▶ **Data below**
--- START ---
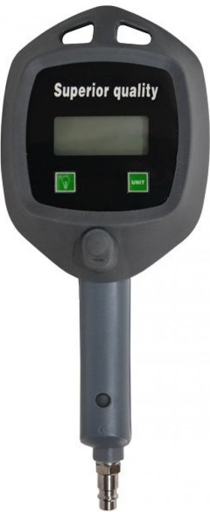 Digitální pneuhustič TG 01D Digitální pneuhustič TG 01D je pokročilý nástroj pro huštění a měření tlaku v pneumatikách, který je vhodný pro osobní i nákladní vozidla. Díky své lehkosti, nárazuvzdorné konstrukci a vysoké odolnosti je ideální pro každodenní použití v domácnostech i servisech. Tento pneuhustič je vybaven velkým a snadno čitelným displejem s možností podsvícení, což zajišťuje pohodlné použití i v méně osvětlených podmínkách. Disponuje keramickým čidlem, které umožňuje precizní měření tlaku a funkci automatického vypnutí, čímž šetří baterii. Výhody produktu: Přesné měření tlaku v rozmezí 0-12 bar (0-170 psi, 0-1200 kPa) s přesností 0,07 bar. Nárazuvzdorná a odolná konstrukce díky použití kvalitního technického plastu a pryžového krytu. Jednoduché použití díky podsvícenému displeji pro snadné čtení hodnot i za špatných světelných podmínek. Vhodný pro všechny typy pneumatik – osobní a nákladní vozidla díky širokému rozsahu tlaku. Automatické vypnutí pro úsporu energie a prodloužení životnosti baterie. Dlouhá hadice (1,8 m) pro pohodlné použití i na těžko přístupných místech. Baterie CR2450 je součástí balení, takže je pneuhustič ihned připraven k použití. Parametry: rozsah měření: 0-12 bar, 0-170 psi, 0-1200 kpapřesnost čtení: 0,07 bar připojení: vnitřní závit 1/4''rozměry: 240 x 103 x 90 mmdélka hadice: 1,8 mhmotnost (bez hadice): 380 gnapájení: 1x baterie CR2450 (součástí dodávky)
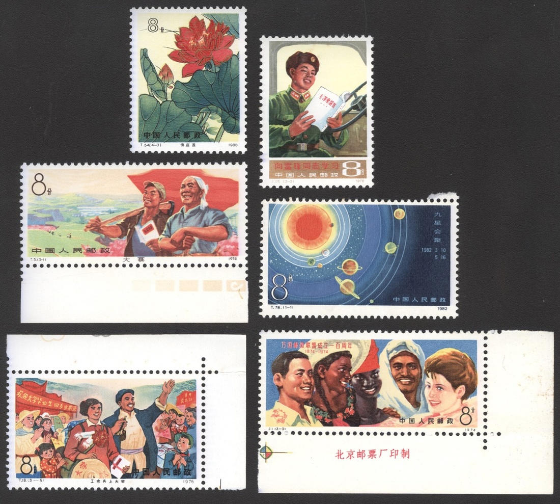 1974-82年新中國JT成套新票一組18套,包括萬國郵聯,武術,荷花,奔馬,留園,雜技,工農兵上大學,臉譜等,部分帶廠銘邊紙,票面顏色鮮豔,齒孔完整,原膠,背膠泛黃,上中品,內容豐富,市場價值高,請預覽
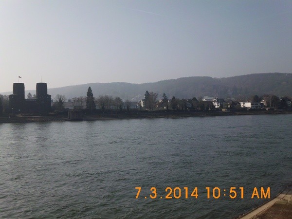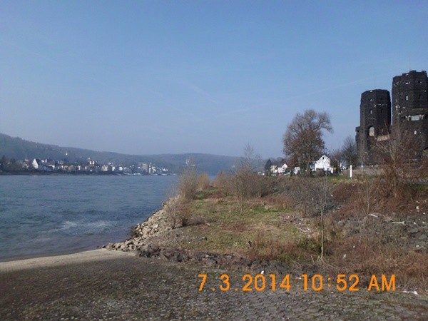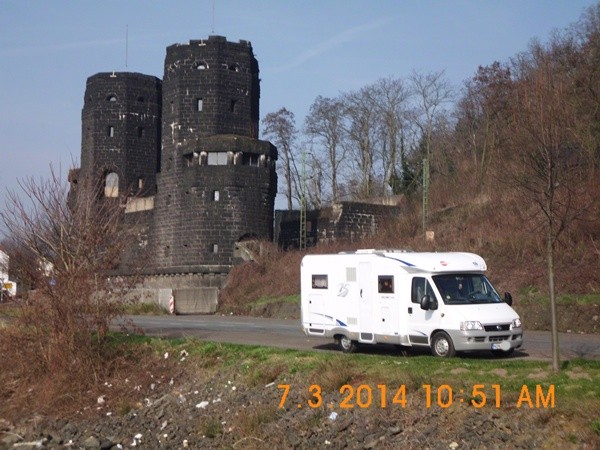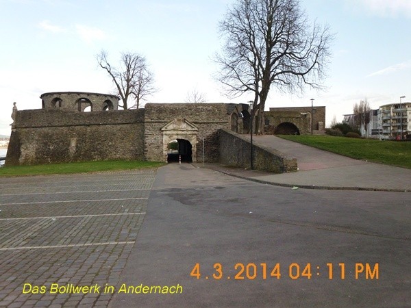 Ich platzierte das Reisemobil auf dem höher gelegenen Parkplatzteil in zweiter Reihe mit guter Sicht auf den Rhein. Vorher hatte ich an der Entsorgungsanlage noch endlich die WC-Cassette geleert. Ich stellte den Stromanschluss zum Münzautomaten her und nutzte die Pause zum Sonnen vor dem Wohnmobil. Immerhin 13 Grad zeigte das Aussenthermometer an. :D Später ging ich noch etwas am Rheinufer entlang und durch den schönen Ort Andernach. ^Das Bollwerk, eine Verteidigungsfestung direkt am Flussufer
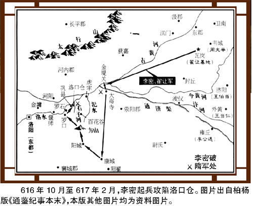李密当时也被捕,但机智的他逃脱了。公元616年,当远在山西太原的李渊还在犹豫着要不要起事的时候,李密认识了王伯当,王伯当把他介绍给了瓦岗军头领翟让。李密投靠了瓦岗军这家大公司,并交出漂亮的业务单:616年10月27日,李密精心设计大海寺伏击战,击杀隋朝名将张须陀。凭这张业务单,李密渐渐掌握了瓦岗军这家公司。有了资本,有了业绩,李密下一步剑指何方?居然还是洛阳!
--- END ---
▶ **Task goal**
Could you write out exactly the lines of the data above that run from the one holding "1974-82年新中國JT成" to the one holding "Ich platzierte das", with both ends in and all pictures out?

▶ **Answer to the exercise**
 1974-82年新中國JT成套新票一組18套,包括萬國郵聯,武術,荷花,奔馬,留園,雜技,工農兵上大學,臉譜等,部分帶廠銘邊紙,票面顏色鮮豔,齒孔完整,原膠,背膠泛黃,上中品,內容豐富,市場價值高,請預覽
 Ich platzierte das Reisemobil auf dem höher gelegenen Parkplatzteil in zweiter Reihe mit guter Sicht auf den Rhein. Vorher hatte ich an der Entsorgungsanlage noch endlich die WC-Cassette geleert. Ich stellte den Stromanschluss zum Münzautomaten her und nutzte die Pause zum Sonnen vor dem Wohnmobil. Immerhin 13 Grad zeigte das Aussenthermometer an. :D Später ging ich noch etwas am Rheinufer entlang und durch den schönen Ort Andernach. ^Das Bollwerk, eine Verteidigungsfestung direkt am Flussufer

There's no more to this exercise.